Silicon steel containing silicon content is 0.5 to 4.5% of very low carbon ferrosilicon alloy, due to the different structure and use is divided into non oriented silicon steel and grain oriented silicon steel. Silicon steel is mainly used for motors, generators, compressors, motors and transformers core, is the electric, home appliances and other industries indispensable raw materials products.

Silicon steel sheets cold rolling, hot-rolled two, the use of more cold-rolled silicon steel sheet.
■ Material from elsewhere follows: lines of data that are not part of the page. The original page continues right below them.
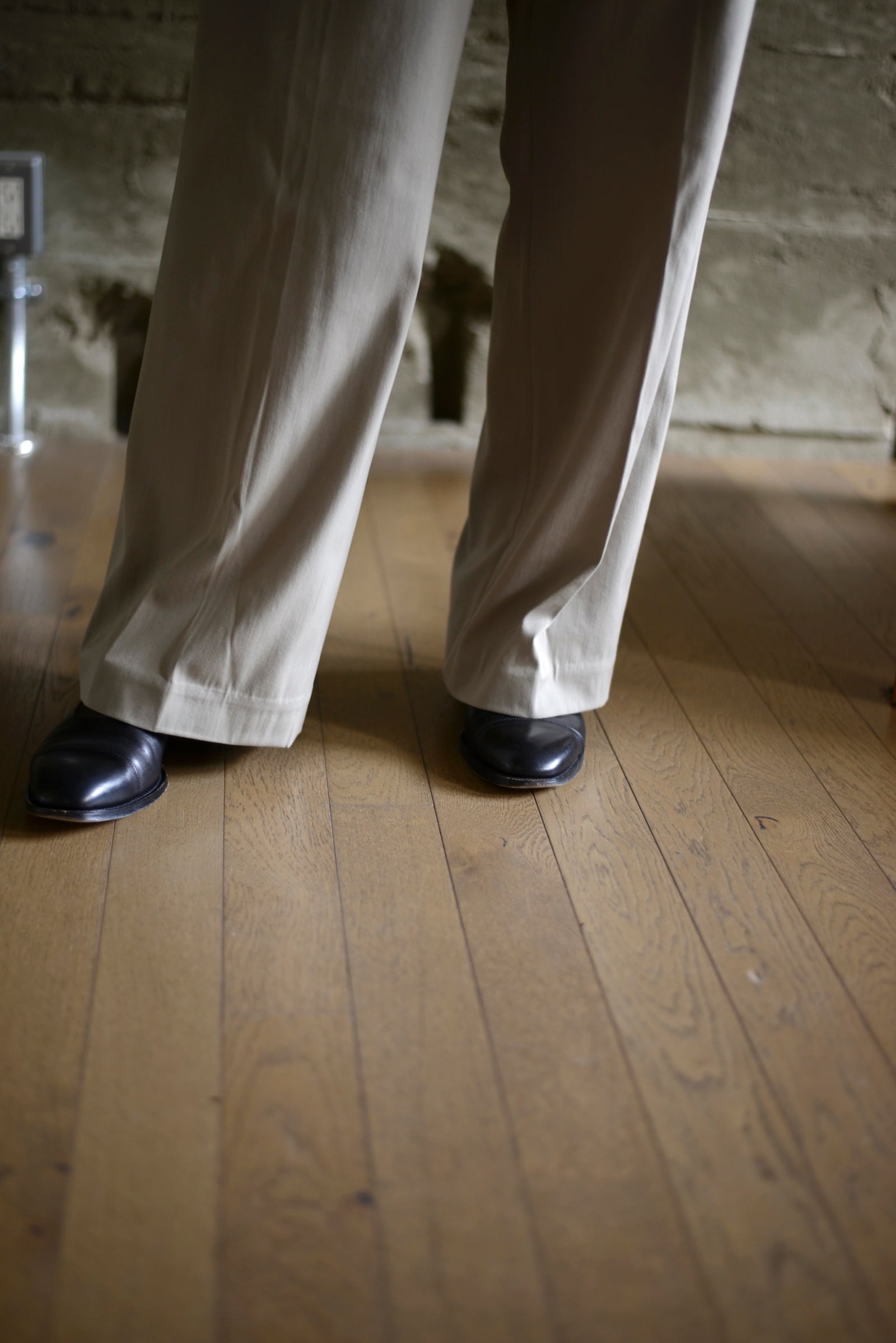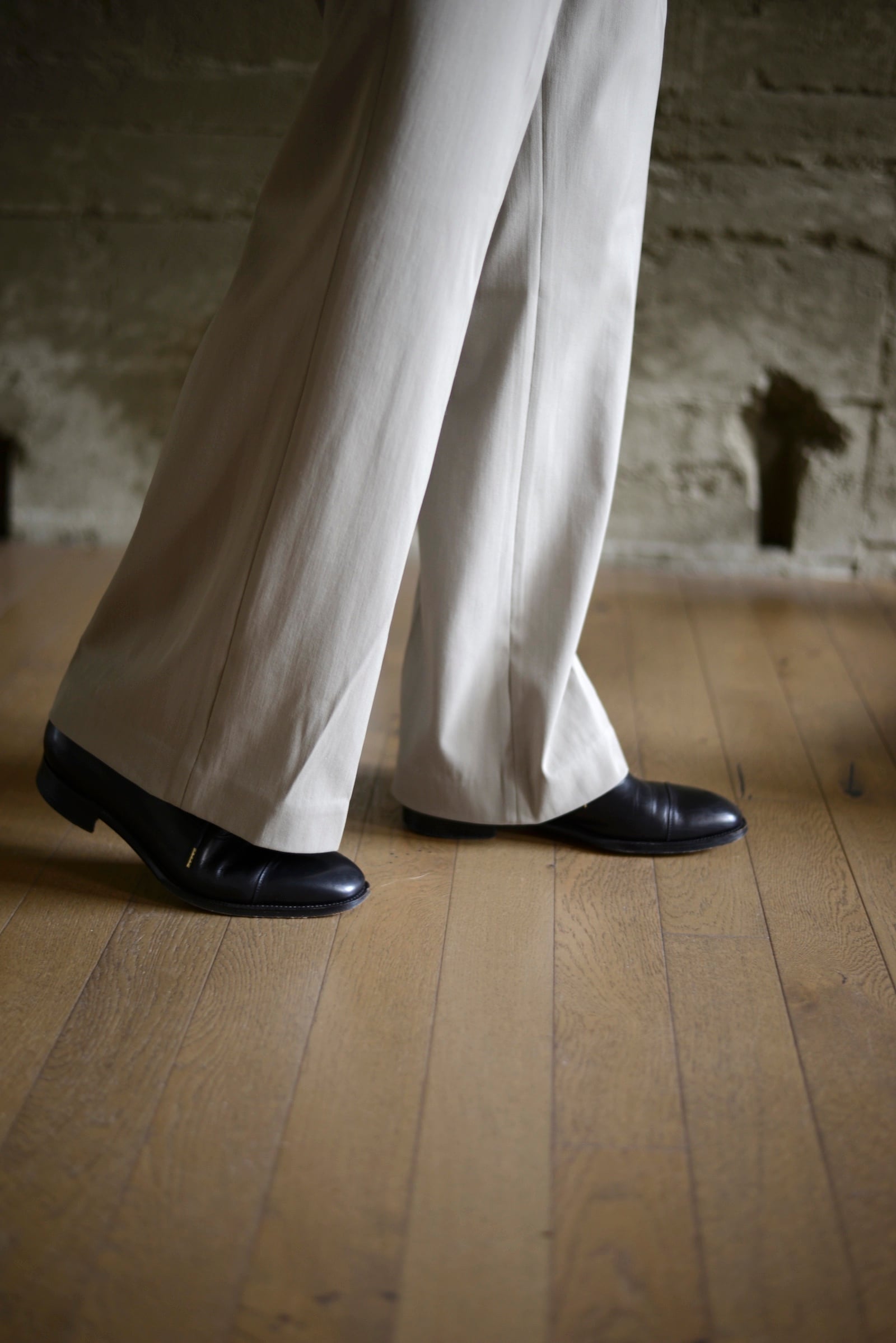 国産のデッドストックによる希少な生地を用いて製作頂いたテーマは『ラフに履けるちょいフレアのスラックス』
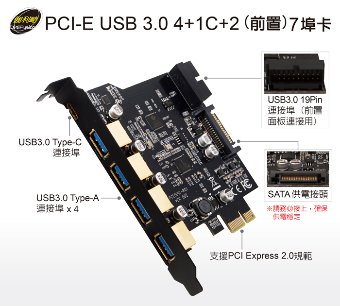 伽利略 PCI-E USB3.0 4+1C+2(前置) 7埠卡
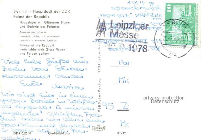 34145697 alte Postkarte BERLIN CITY Palast der Republik Hauptfoyer mit Glaeserner Blume und Galerie des Palastes postalisch gelaufen Erhaltung siehe scans [WerneD78] KatCode: 11110011000000
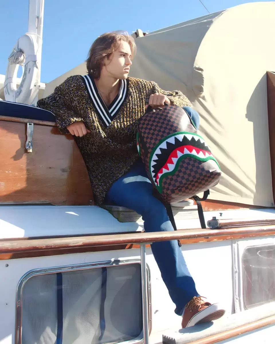 Dimensions: 18″ x 6″ x 11.5″ Front zipper pocket Side pockets Zippered Stash pocket Separate velour sunglass compartment Ergonomic mesh back padding Adjustable Straps for custom sizing Gold zippers with metal hardware Metal “Sprayground Authentic” badge Slide through back sleeve connects to carry-on luggage to free your hands
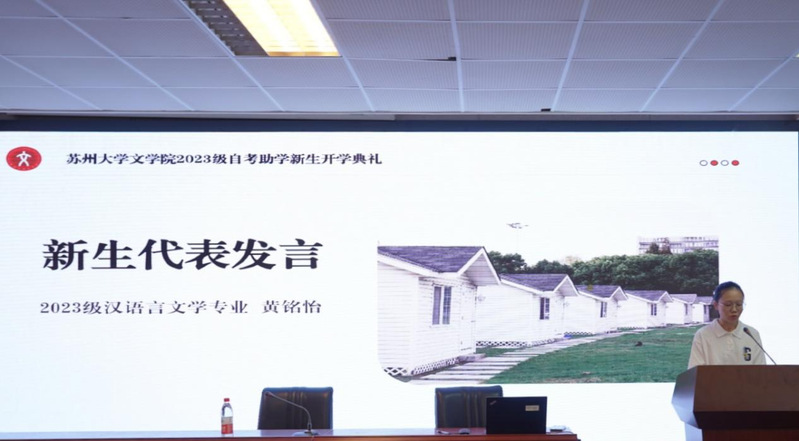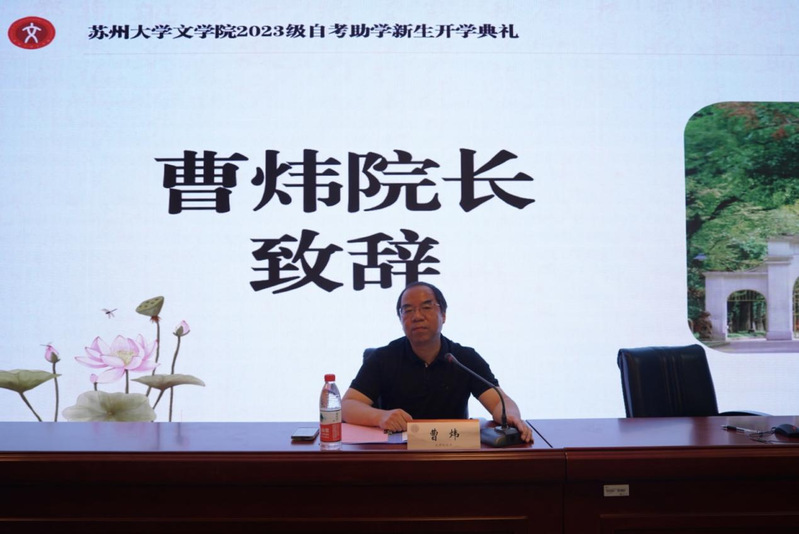 紧接着,楼凤网 院长曹炜教授上台致辞。曹院长在讲话中强调作为楼凤网 第一届汉语言文学专业的自考学生,站在这一新起跑线上,同学们要书写出属于自己的历史。在楼凤网 的学习时光中能够学有所获,不负韶华。

Cold-rolled silicon steel sheet along the rolling direction with excellent magnetic properties, not only in the strong magnetic field has high saturation magnetic flux density and low loss, but also have good magnetic properties (initial permeability) in the weak magnetic field. Because of the cold rolling process, the impurity content of the steel sheet is decreased, and the coarse grain is caused, and the magnetic permeability is increased and the hysteresis loss decreases.

2.Product characteristic:

The main requirements for the silicon steel properties are:

1, low iron loss, this is the most important quality index of silicon steel sheet. All core loss grades according to the lower grades, the iron loss, the higher.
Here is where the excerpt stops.